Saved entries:
-----

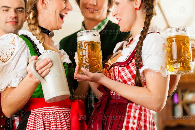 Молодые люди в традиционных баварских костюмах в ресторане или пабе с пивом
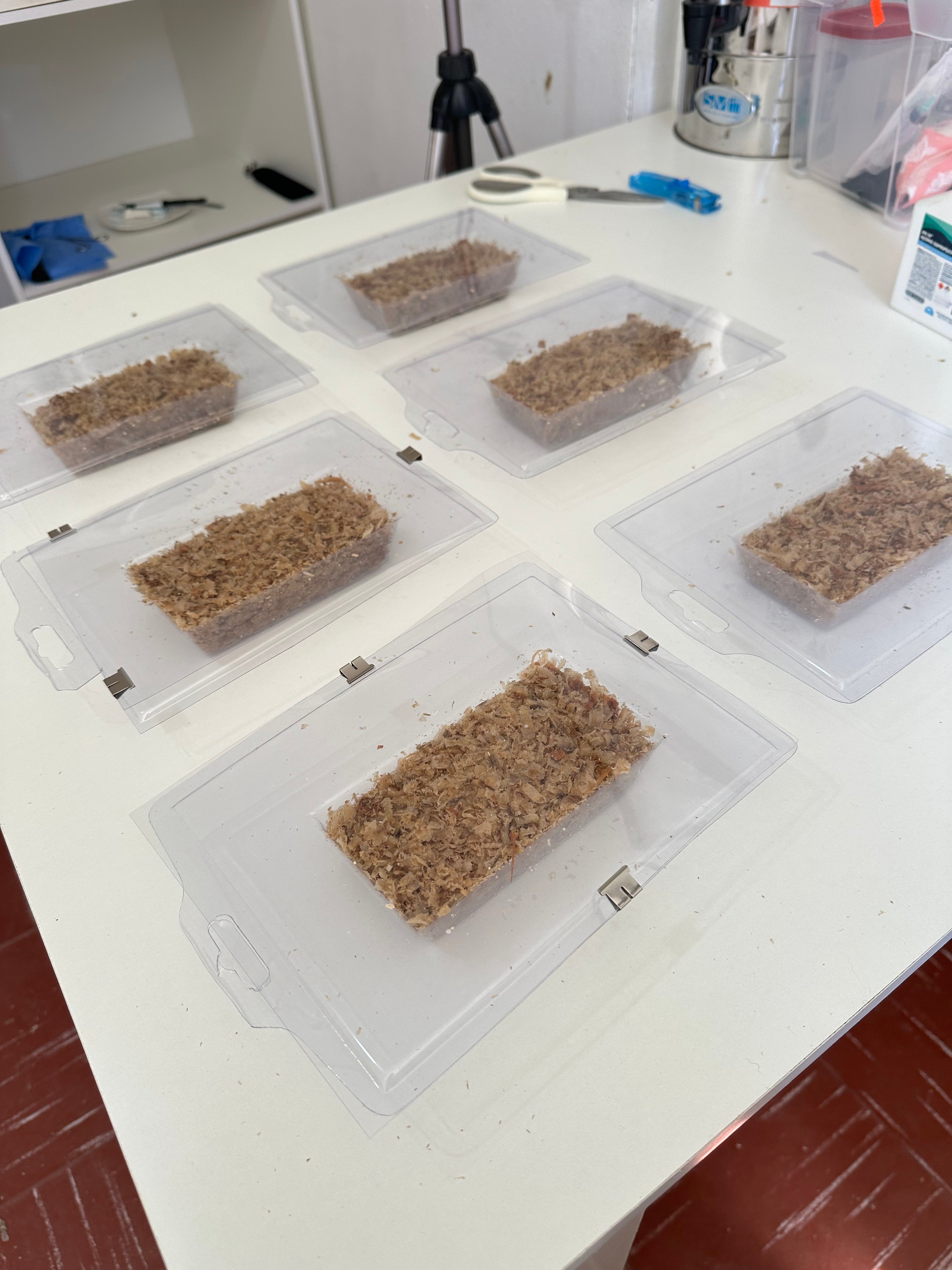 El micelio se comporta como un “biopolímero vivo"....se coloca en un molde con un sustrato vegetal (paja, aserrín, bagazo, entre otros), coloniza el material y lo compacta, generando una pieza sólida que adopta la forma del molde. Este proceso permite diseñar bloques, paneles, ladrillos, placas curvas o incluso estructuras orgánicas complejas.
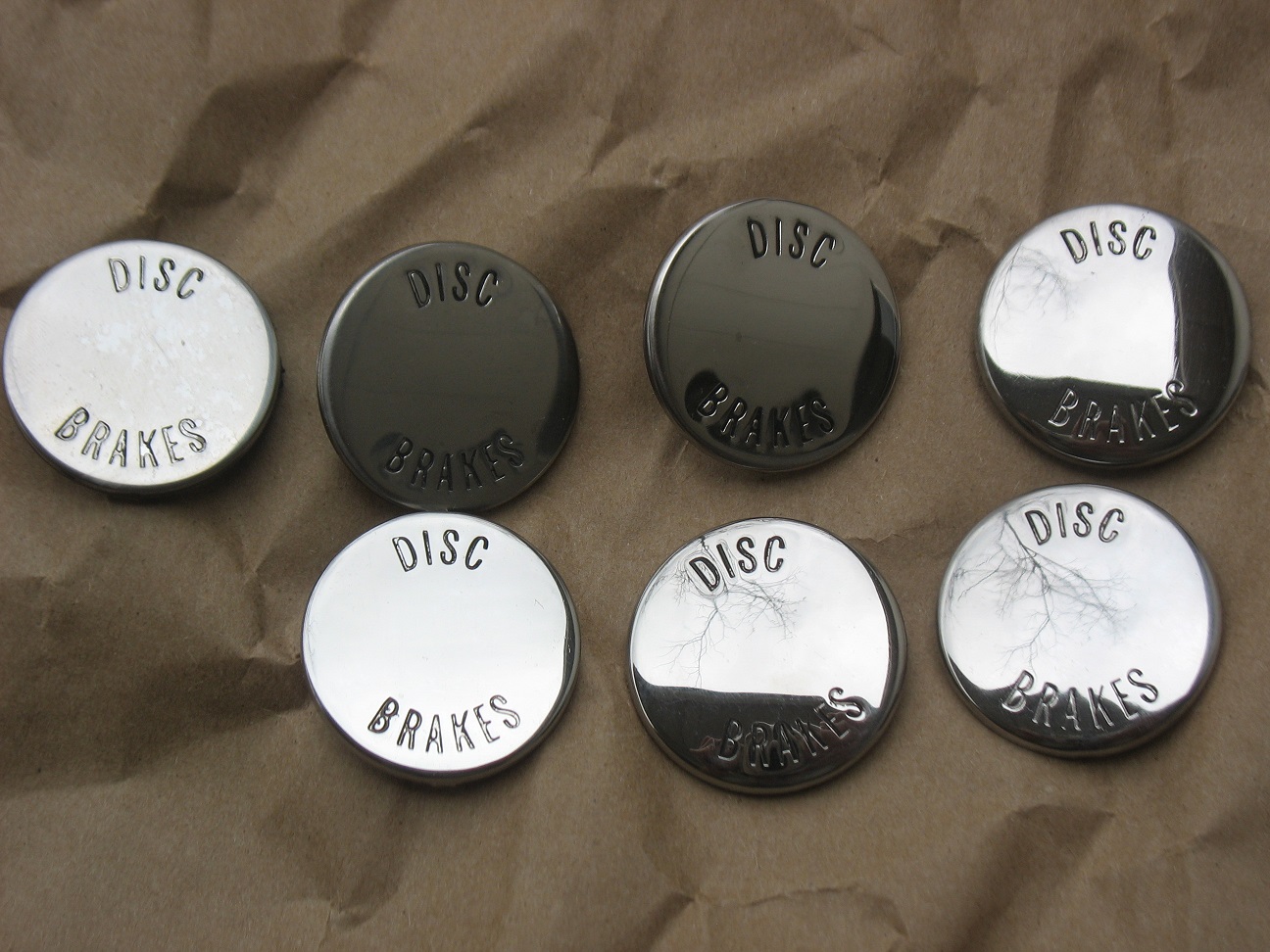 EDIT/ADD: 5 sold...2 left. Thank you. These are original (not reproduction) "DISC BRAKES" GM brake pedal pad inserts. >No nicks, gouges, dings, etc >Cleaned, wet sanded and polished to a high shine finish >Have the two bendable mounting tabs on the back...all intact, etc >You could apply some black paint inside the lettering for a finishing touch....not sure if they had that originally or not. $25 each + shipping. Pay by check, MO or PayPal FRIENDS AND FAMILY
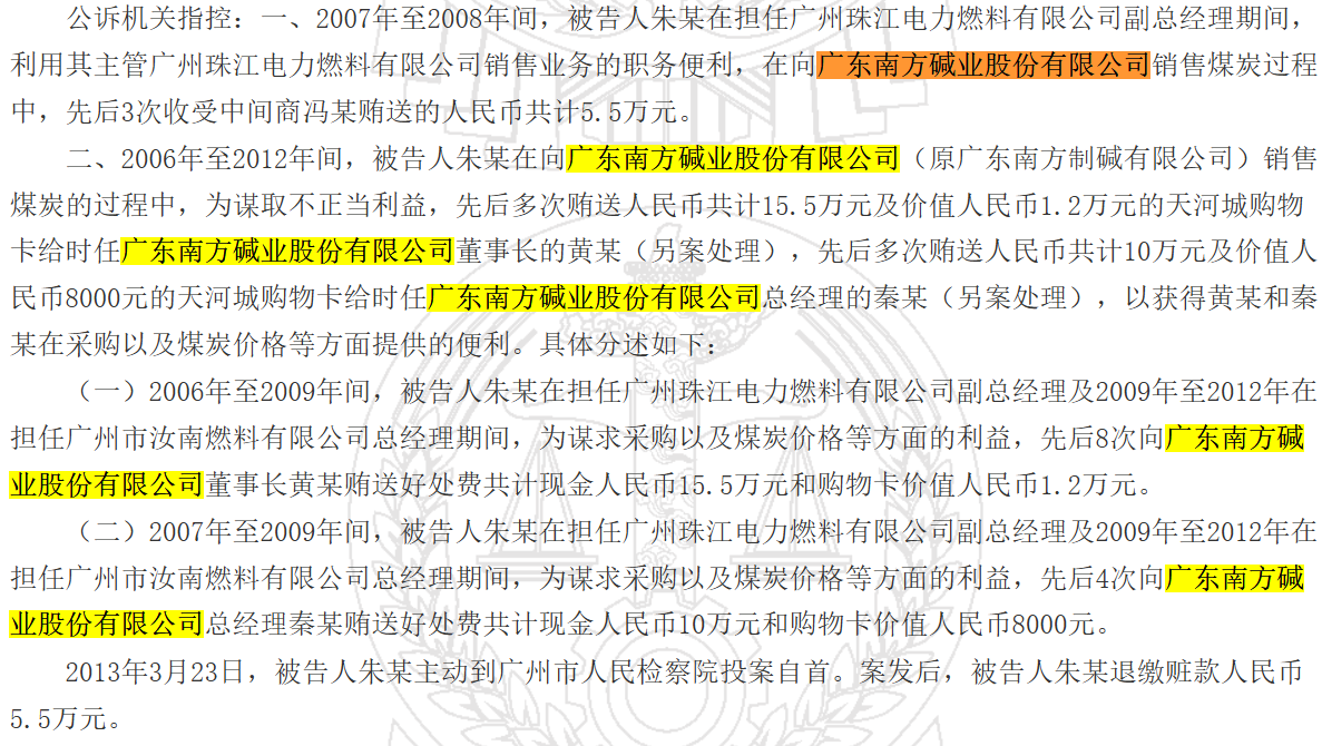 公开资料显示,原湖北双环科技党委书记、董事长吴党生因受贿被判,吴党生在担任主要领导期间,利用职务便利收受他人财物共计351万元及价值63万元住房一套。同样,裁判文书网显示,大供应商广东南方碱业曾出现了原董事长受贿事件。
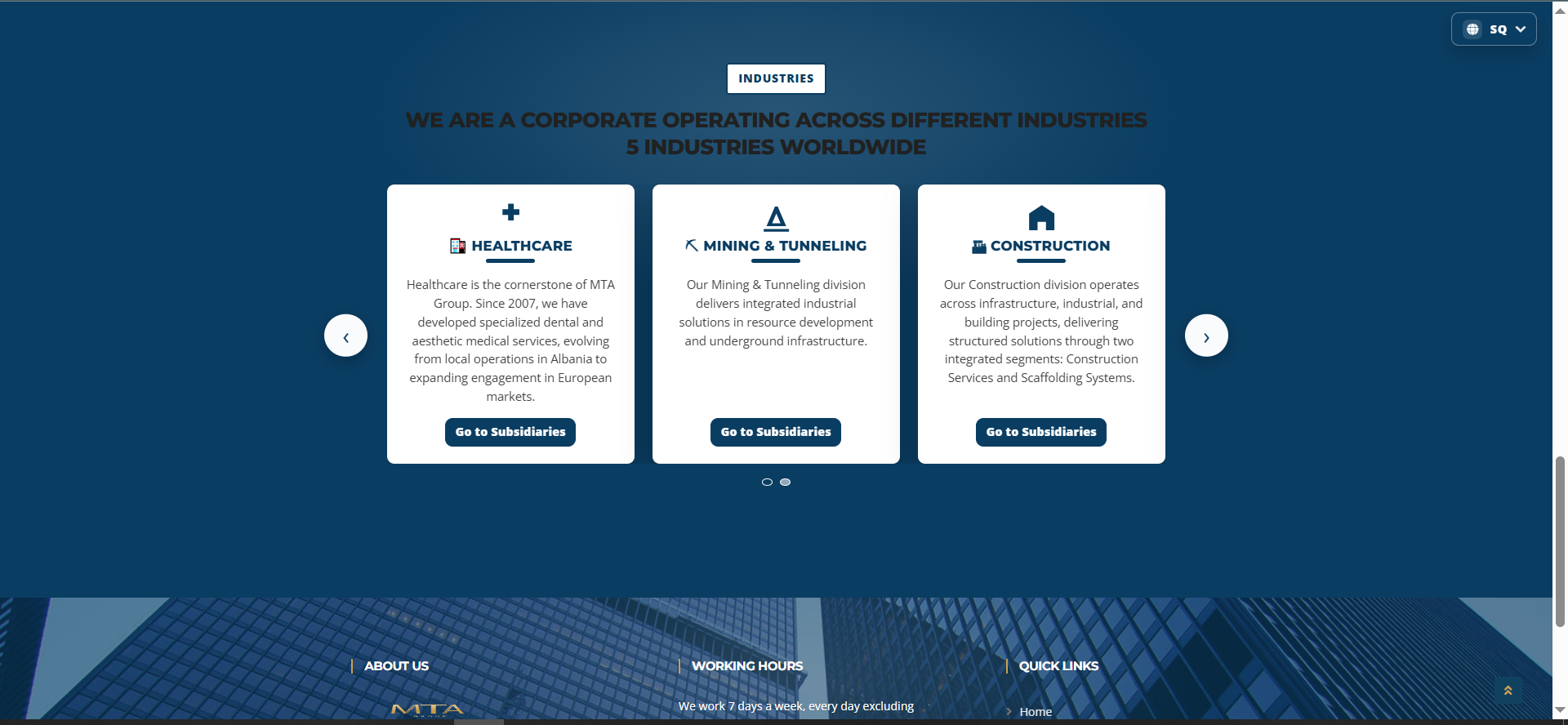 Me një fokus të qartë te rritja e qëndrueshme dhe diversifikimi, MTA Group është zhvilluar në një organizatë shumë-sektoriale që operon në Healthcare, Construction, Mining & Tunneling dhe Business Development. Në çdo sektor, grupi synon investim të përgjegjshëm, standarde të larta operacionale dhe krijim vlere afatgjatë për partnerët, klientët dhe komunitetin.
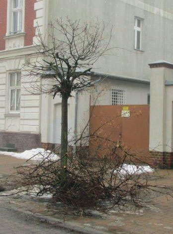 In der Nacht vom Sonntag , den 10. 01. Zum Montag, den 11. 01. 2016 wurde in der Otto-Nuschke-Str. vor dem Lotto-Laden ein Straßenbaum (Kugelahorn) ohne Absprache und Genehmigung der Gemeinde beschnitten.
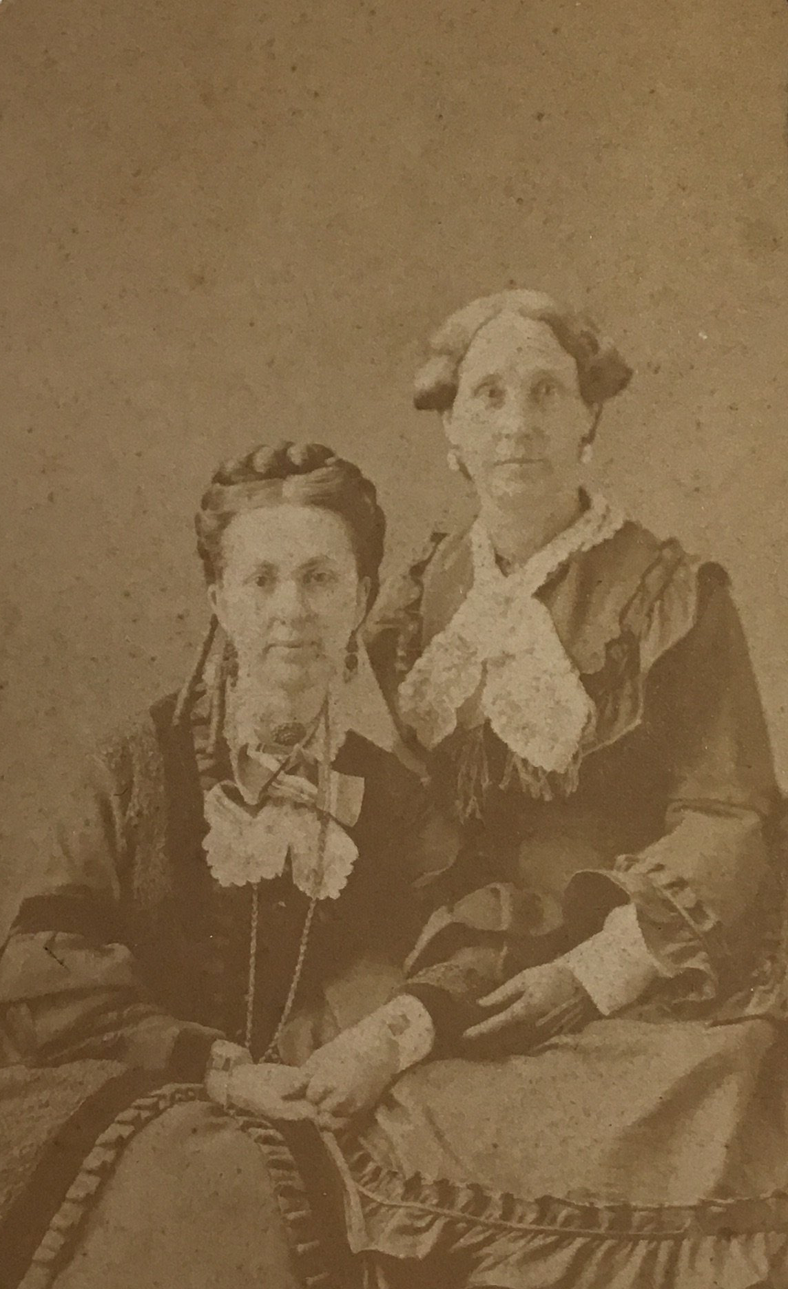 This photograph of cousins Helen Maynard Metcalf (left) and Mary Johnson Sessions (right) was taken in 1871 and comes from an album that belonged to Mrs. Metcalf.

-----

Above are records; repeat only the lines from the line with "EDIT/ADD: 5 sold...2" through the line with "公开资料显示,原湖北双环科技", and leave pictures out.

Problem solution:
 EDIT/ADD: 5 sold...2 left. Thank you. These are original (not reproduction) "DISC BRAKES" GM brake pedal pad inserts. >No nicks, gouges, dings, etc >Cleaned, wet sanded and polished to a high shine finish >Have the two bendable mounting tabs on the back...all intact, etc >You could apply some black paint inside the lettering for a finishing touch....not sure if they had that originally or not. $25 each + shipping. Pay by check, MO or PayPal FRIENDS AND FAMILY
 公开资料显示,原湖北双环科技党委书记、董事长吴党生因受贿被判,吴党生在担任主要领导期间,利用职务便利收受他人财物共计351万元及价值63万元住房一套。同样,裁判文书网显示,大供应商广东南方碱业曾出现了原董事长受贿事件。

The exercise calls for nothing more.